AEC Criterion and Exclusionary Conduct: Recent Development under EU Competition Law

Gianluca Faella (Universita degli Studi Link)

Abstract

The role, relevance and implications of the AEC criterion for the enforcement of Article 102 TFEU have traditionally been widely debated. The AEC criterion is one the main standard of assessment that have been proposed to identify unilateral exclusionary conduct. Such criterion is consistent with the principle that antitrust law should ensure the physiological functioning of the competitive process as a means of selecting the most efficient firms, as well as with the idea that competitive initiatives by dominant firms should be allowed where capable of triggering virtuous competitive dynamics through a process of imitation.

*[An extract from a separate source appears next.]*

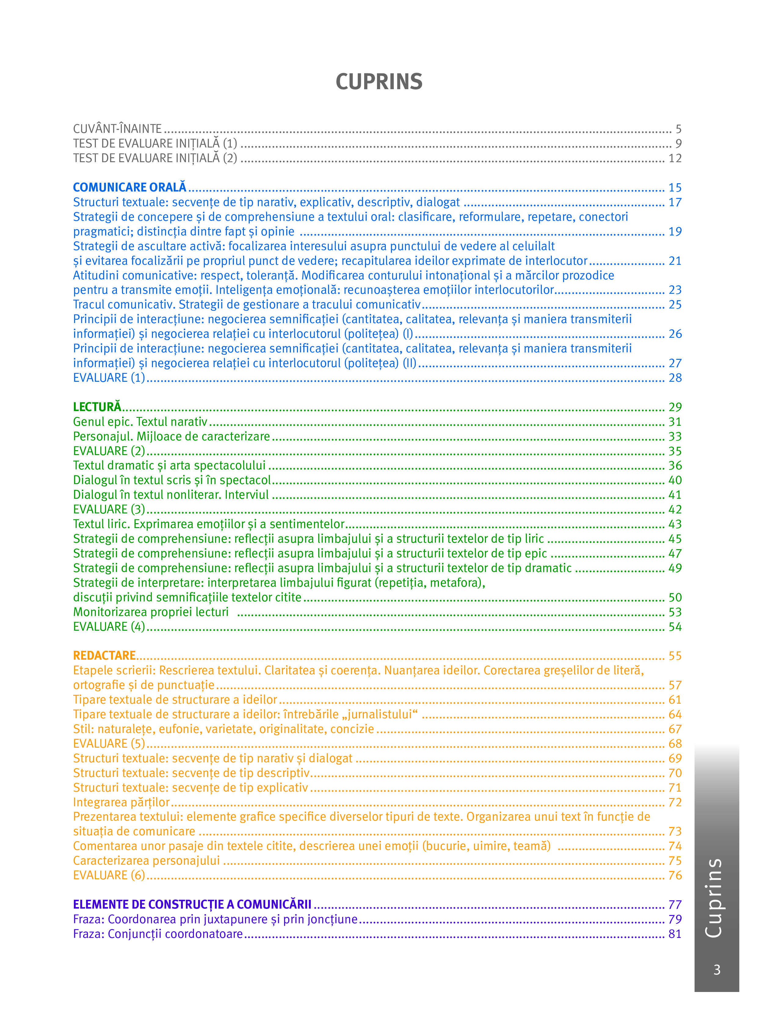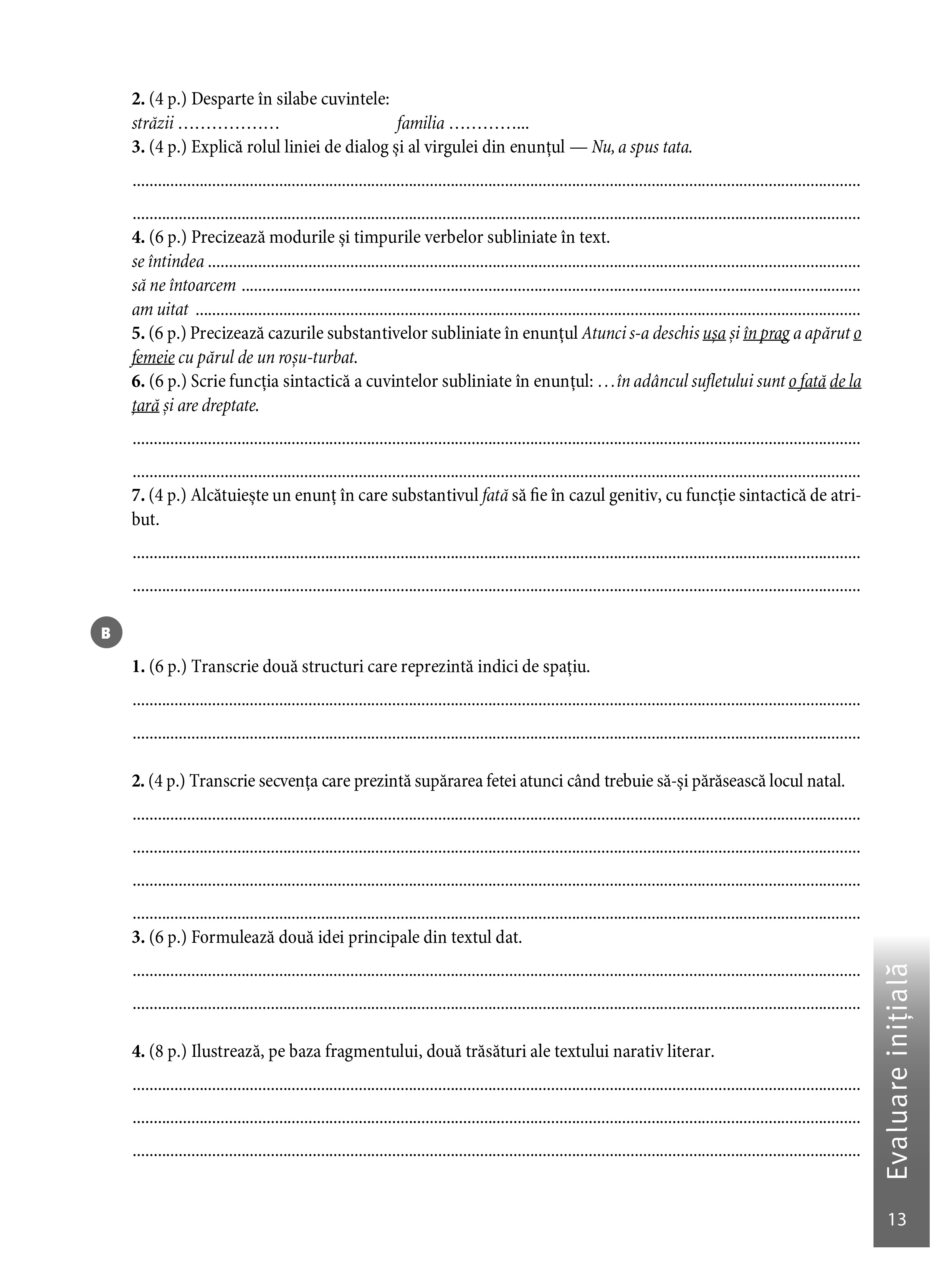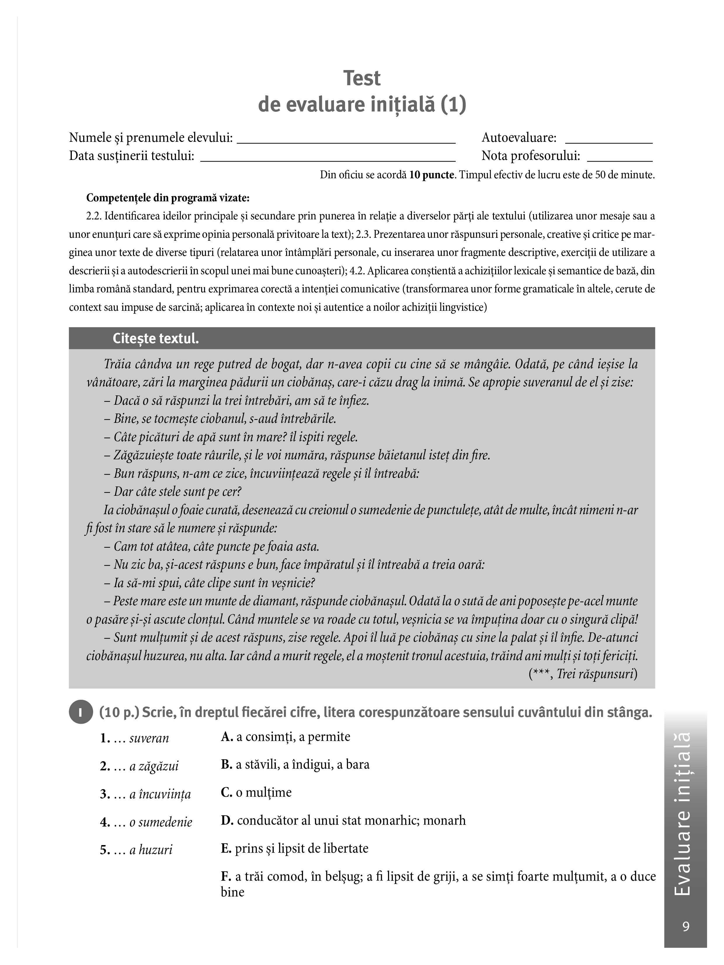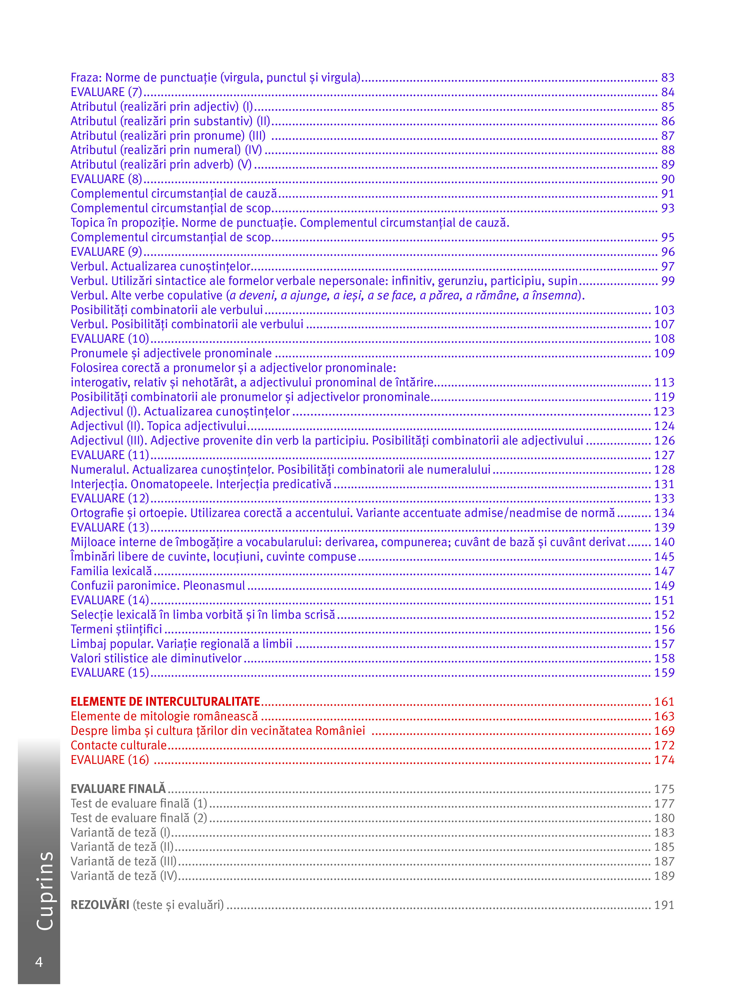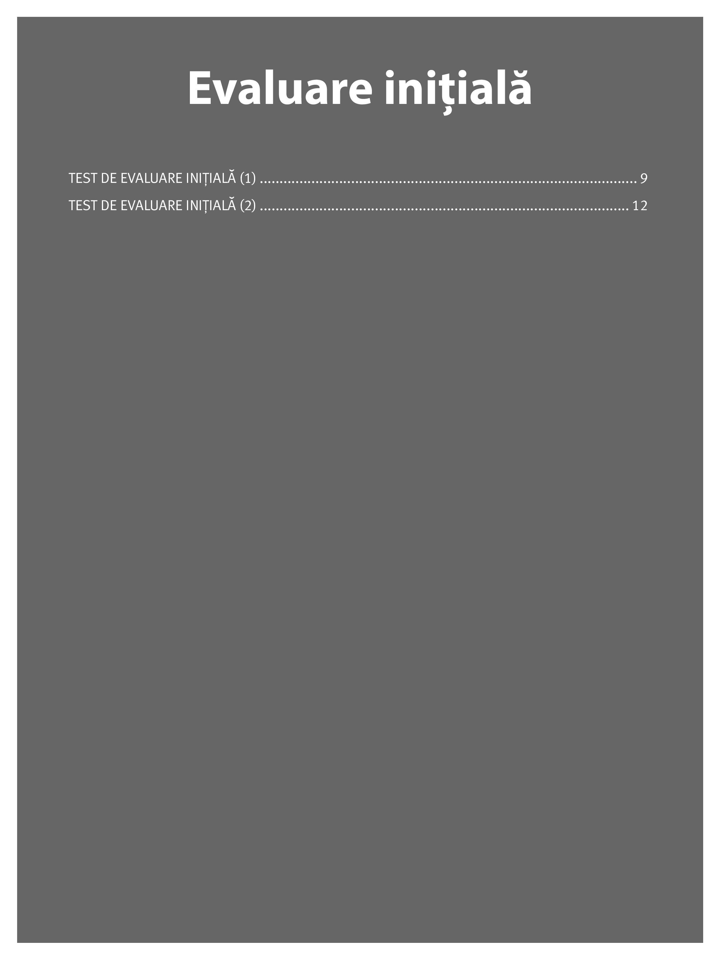 - cuprinde teste inițiale, teste sumative, teste de evaluare finală și variante de subiecte pentru teză.

However, there are still doubts about the relevance, scope and content of the AEC criterion in the enforcement of Article 102 TFEU. A first general question is what is whether, under EU competition law, the AEC criterion should only be applied as a quantitative test based on prices and costs of dominant firms, or could be considered a criterion with a broader scope, based on the possibility to replicate, imitate or, in any case, react to (price or non-price) conduct of dominant firms. A second, related question is whether the AEC criterion can be considered a generally valid standard of assessment for abusive practices, or at least some of them (namely, pricing conduct, or some of such practices). A third question is whether, where applicable, the AEC criterion operates as a safe harbor, or the contested conduct can anyway be found abusive on other grounds. Recent developments in the case law of the European courts on Article 102 TFEU (including Intel, SEN and Unilever) address some of the above issues and provide some guidance, even though many questions and doubts remain open.

The recent case law of the ECJ suggests that the AEC may be relevant for the assessment of both elements of abusive conduct under Article 102 TFEU, i.e. whether the contested conduct (i) is capable of having exclusionary effects, and (ii) does not constitute a form of competition on the merits. SEN and Unilever acknowledged and endorsed the relevance of the AEC criterion for both price and non-price conduct. However, the Court used a very cautious and nuanced language, which avoided the introduction of limiting principles and binding requirements. Following the annulment of certain important decisions (such as Intel and Qualcomm) for failure to carry out an appropriate price-cost analysis, the Commission seems to have used the nuances in the recent rulings of the ECJ to lighten some of the burdens it had placed on itself through the Guidance on exclusionary conduct. This allowed the Commission to significantly scale back the role of the AEC test not only for non-price conduct, but also for price abuses, as shown by the Amendments to the Guidance on exclusionary conduct adopted by the Commission in 2023.

This approach is not convincing. The risk is the use of an approach possibly based on economic analysis, but unstructured and difficult to predict, which could disincentivize potentially procompetitive conduct. The AEC criterion should continue to be the reference test for pricing practices. Moreover, the AEC criterion may be relevant, more generally, for assessing and, possibly, ruling out non-price abuses, especially if the AEC criterion is understood in a broad sense, as the possibility of replicating, imitating or, in any case, react to the practice of the dominant firm.

However, the AEC criterion must be applied taking into account the circumstances of the case, as well as the practical problems that may arise in defining and applying an appropriate price-cost analysis for certain practices. In some cases, it may be necessary to adjust the AEC criterion to account for possible situations of asymmetry between the dominant firm and competitors (exclusive availability of certain resources, network effects, presence of a non-contestable share of demand, etc.). Moreover, for certain practices (such as loyalty discounts), the difficulties in applying a price-cost test based on the AEC criterion should be taken into account by adopting a reasonable evidentiary standard. Finally, the application of the AEC criterion may not be appropriate in the case of naked exclusion, i.e. conduct exclusively aimed at excluding competitors or increasing their costs, without providing any benefit to consumers or resulting in any positive effect on competition.